■ Directions: Please give again, exactly and only, the stretch of lines from the one containing "60 см, 2025" to the end of the entries below.

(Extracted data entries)
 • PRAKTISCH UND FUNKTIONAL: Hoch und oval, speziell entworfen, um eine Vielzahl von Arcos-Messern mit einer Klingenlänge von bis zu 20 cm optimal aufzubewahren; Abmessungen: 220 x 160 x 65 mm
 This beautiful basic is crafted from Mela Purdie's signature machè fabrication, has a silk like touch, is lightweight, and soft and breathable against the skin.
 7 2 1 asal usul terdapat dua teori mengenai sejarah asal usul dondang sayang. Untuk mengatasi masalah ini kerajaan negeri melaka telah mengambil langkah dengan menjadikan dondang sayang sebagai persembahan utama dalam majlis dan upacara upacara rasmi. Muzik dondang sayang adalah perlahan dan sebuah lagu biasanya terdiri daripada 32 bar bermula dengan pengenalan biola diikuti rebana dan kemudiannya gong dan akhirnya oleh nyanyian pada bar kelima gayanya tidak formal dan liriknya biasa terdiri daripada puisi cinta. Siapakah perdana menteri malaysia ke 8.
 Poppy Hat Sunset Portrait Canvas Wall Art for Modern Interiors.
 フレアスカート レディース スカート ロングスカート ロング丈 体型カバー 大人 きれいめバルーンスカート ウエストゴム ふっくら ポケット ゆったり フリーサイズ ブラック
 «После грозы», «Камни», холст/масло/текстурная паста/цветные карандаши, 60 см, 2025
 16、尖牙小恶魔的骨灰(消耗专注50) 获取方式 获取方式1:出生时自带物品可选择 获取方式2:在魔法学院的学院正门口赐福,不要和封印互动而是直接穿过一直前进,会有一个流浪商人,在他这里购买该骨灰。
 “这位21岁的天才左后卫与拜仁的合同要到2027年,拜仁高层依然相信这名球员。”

■ Finished exercise:
 «После грозы», «Камни», холст/масло/текстурная паста/цветные карандаши, 60 см, 2025
 16、尖牙小恶魔的骨灰(消耗专注50) 获取方式 获取方式1:出生时自带物品可选择 获取方式2:在魔法学院的学院正门口赐福,不要和封印互动而是直接穿过一直前进,会有一个流浪商人,在他这里购买该骨灰。
 “这位21岁的天才左后卫与拜仁的合同要到2027年,拜仁高层依然相信这名球员。”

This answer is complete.